To say that Assassin‘s Quest is a bad book would be wrong. It is well quite written. The story flows well. The plot seems predictable at times, but caught me off guard with twists at major junctures. The major characters, though some are annoying, seem fairly fleshed out and each has a reasonable back story and motivations.

Hobb does a good job of connecting with the user on an emotional level in the previous books and this one is no different. As the characters progress through their quest, I felt that I could relate to the feeling. The desire to complete ones task, no matter the cost, resonates prominently throughout the final act of the book. At a major juncture in the book, a character was forced to give up his passions and emotions to power an ultimate spell. To me, the moment resonated as Hobb doing the same for this book.

My biggest objection with the book is not even with the book itself, it is with the series as a whole. It feels like every book is trying to take a plot in a new direction. It is not that the plots do not flow into each other, they do, it is just that each of the books in the series presents the protagonist does a radical turn in terms of characterization. In the first book he is an assassin trainee and the series looks to focus on the stealth and politics of his profession. In the second book, the main character becomes a valiant warrior, defending his motherland from threats both external and internal and fighting for love and honor. In the last book, the protagonist is reduced to a single rogue agent with no purpose, no direction, few natural talents, and a single minded devotion to the task that he is set upon. In many ways, the books do not feel consistent between each other in term of plot direction, like the author who wrote each of them was in a different mental state than the author who wrote the previous.

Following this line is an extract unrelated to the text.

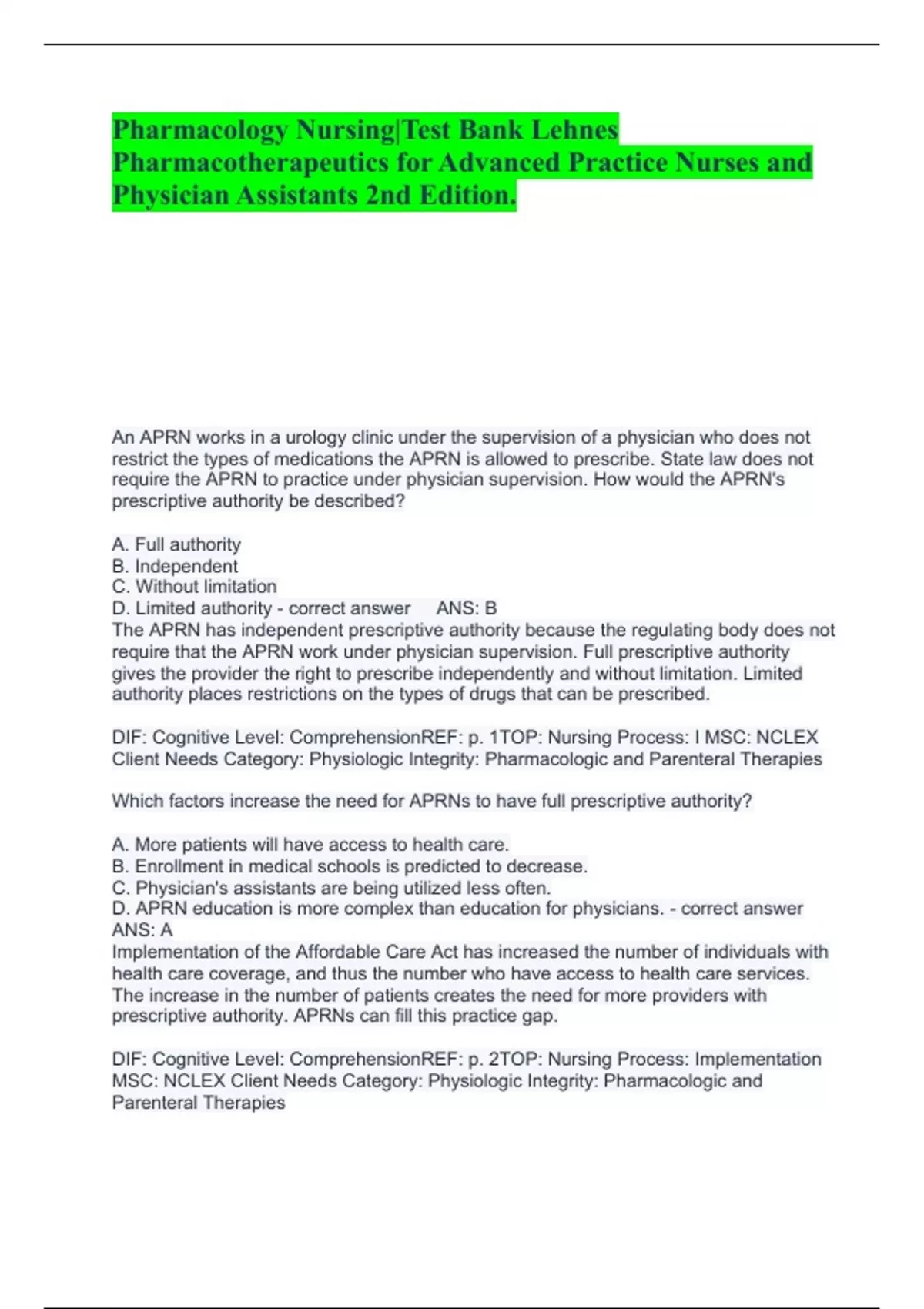 Pharmacotherapeutics for Advanced Practice Nurse Prescribers |Physician Assistants

The series also has some issues defining the central conflict and getting good pacing. The major conflict that drove the other two books and should have been the focus of this book is treated as a secondary one and relegated to the final half of the last chapter. The problem that the characters encounter in the climax, the one that the plot should be building to, is a secondary one. Until just before the climax, the problem seemed to me to be nothing more than just a tool to stretch out the plot and develop the characters. It is not that the major conflict is not mentioned often, it is more that the characters for the most part do not seem to care about it until they are near the finish line. Most characters are simply doing it out of duty and have other quests that they are working towards. If anything, the main conflict is just a hurdle that the characters have to overcome before they can move on to what they really want to do and what drives them. Unfortunately, by the time that the quest is over and done, there is almost no book left and the author includes a scant few pages about how they did. This is unfortunate since the secondary problems are not only more interesting to the characters, but they are also more interesting to the reader. These are the life and world changing conflicts that the reader wants to read about, it is not that the major conflict was not important, it was, it is just that it is not as exiting and interesting as the secondary ones that are never addressed.

Overall, the book is well written, but the plot is badly paced and creates and concludes owing the reader resolution to a number of plot threads that it must scramble in the end to finish.